The identification of amplified ERBB2 as a major driver in approximately 20% of breast cancers and the subsequent development of anti-ERBB2-targeted therapies, such as trastuzumab, turned out to be a major success13. Patients with ERBB2-positive breast cancer had unfavorable survival rates in the past, but systemic regimens with ERBB2-targeted agents have substantially improved survival outcomes14. Patients who benefit from ERBB2-targeted treatments are usually identified by demonstrating the presence of ERBB2 amplification with in situ hybridization or an excess of ERBB2 tyrosine kinase protein with immunohistochemistry. The criteria for defining of ERBB2-positive cancer are generally accepted, but they have required modification with time, and there are some borderline cases that are challenging to classify15. Therefore, there is a need for more accurate approaches to predict the efficacy of anti-ERBB2 treatment.

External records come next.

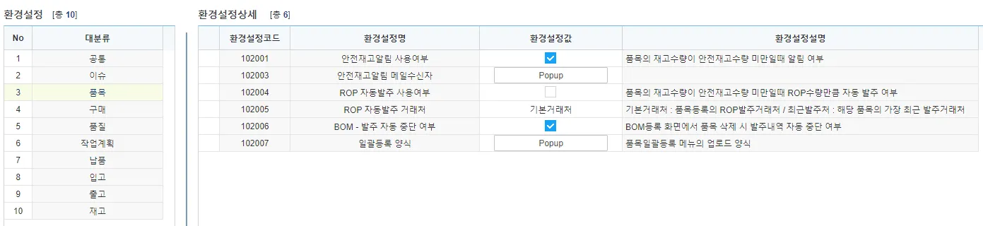 ROP 자동발주 사용여부 : 출고 시 재고수량이 안전재고수량보다 작아지는 경우 자동발주기능 사용여부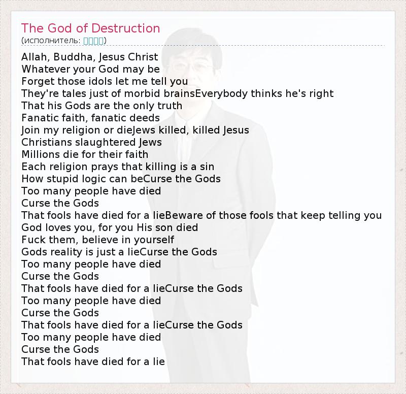 А как ты думаешь, о чем песня "The God of Destruction" ?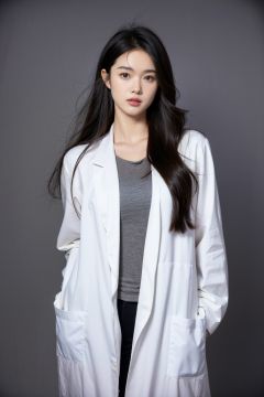 Best quality,masterpiece,ultra high res,photorealistic,1girl,MMN,MN,cho girl,1girl,solo,looking at viewer,studio light,realistic,photorealistic,lab coat,Nickel Gray,a haunted mansion with a deadly past,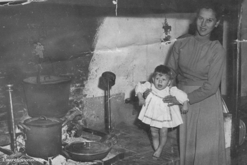 Gina Agnelli, la moglie di Sirio Cresti, accanto al camino del podere Le Carraie con la figlia Sonia.

In the current study, we explored whether a CNN weakly supervised by tumor ERBB2 gene amplification status as determined by chromogenic in situ hybridization (CISH) and trained with standard hematoxylin and eosin (H&E) stained tissues samples, can predict breast cancer ERBB2 status. We refer to the CNN-based prediction as H&E-ERBB2 score. Additionally, we explored whether H&E-ERBB2 score is associated with survival in patient populations treated with or without adjuvant trastuzumab. Interestingly, the CNN trained in the current study was not only a statistically significant and an independent predictor of the ERBB2 status but also identified patients with CISH ERBB2-positive cancer who benefited more from trastuzumab. In addition, the H&E-based ERBB2 predictor, i.e. H&E-ERBB2 score identified patients who were CISH ERBB2 negative but according to the CNN exhibited ERBB2-positive cancer-like tissue morphological features and had unfavorable outcomes.

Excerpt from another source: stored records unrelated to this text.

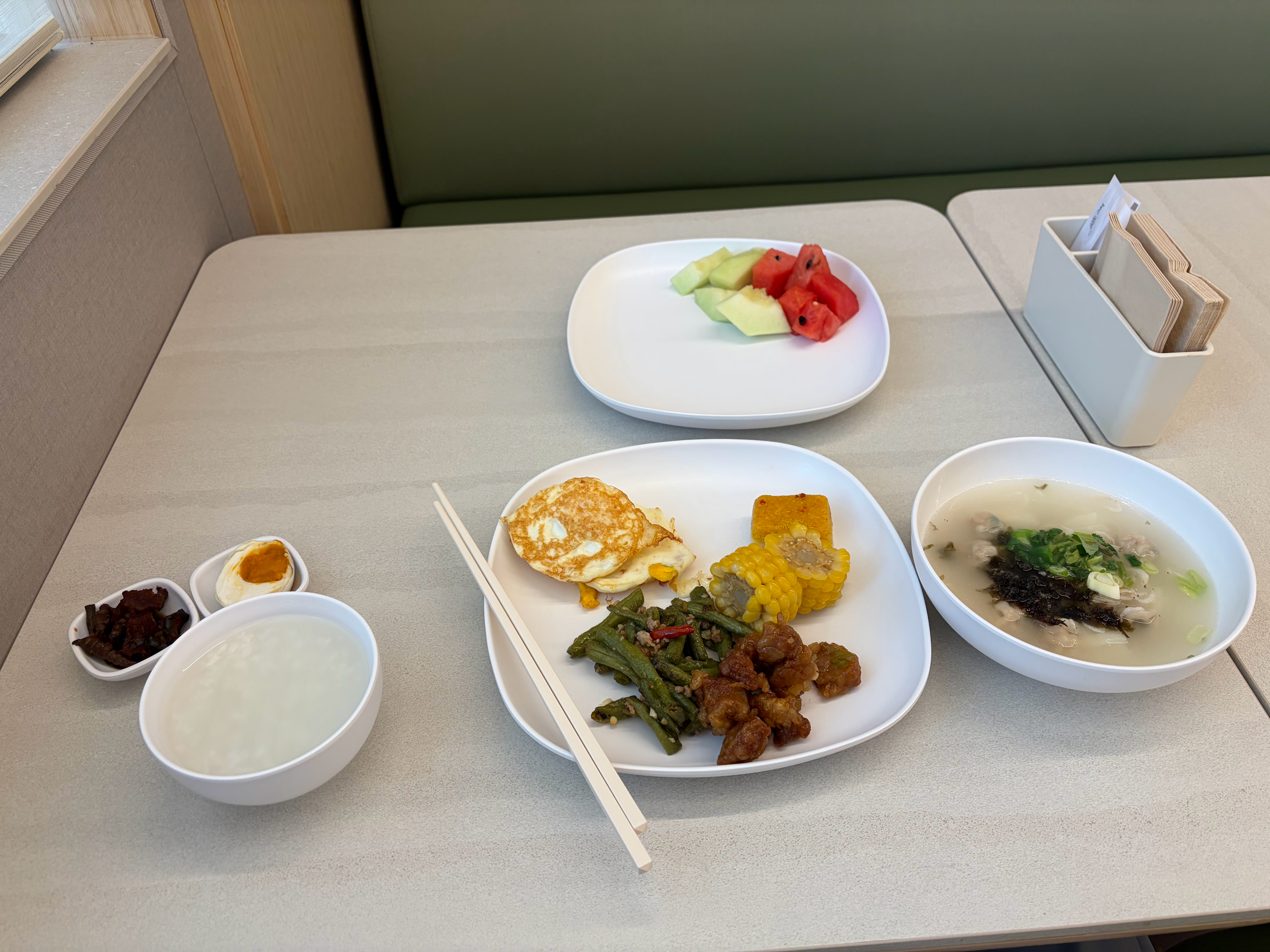 不得不说全季的早饭真不错,很适合中国胃我知道大米粥升糖快,但配小咸菜和咸鸭蛋也太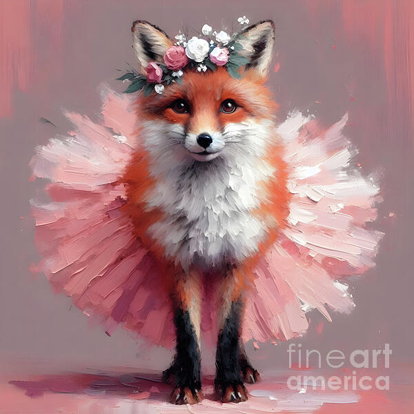 A whimsical fox is adorned with a floral crown and a fluffy pink tutu, exuding an elegant yet playful vibe. The background complements the fox’s... more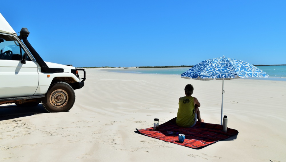 Und einem Traumstrand. Knallweißer Sand, kaum Leute und ein blaues, warmes Wasser. Wir können mit dem Auto an den Strand fahren und trinken nach dem Schwimmen noch einen Kaffee. Dann kommt die Flut und damit die Wellen.
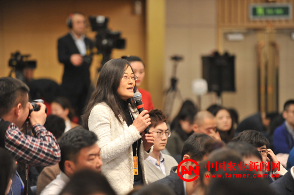 本网记者崔丽就农药兽药残留问题向农业部部长韩长赋提问。本网记者 戴军摄

The study was based on cancer tissue samples, clinicopathological data, and follow-up data from three independent breast cancer cohorts: the FinProg patient series16, the FinProg validation series17, and the FinHer clinical trial (ISRCTN76560285)18. The FinProg patient series, with data from 2,936 patients, is a nationwide cohort that includes approximately 50% of all women diagnosed with breast cancer in Finland in 1991 or 199219 and covers most (93%) of the patients with breast cancer diagnosed within five selected geographical regions. The FinProg validation series consisted of 565 patients diagnosed mainly in the Helsinki region who were treated at the Departments of Surgery and Oncology, Helsinki University Hospital, from 1987 to 1990. The outcome and cause of death data were retrieved from the files of the Finnish Cancer Registry and Statistics Finland. Breast cancer specific survival was used as an endpoint in the present study. Corresponding clinical information and pathologic tumor characteristics, including histological grade were available from the hospital and laboratory records.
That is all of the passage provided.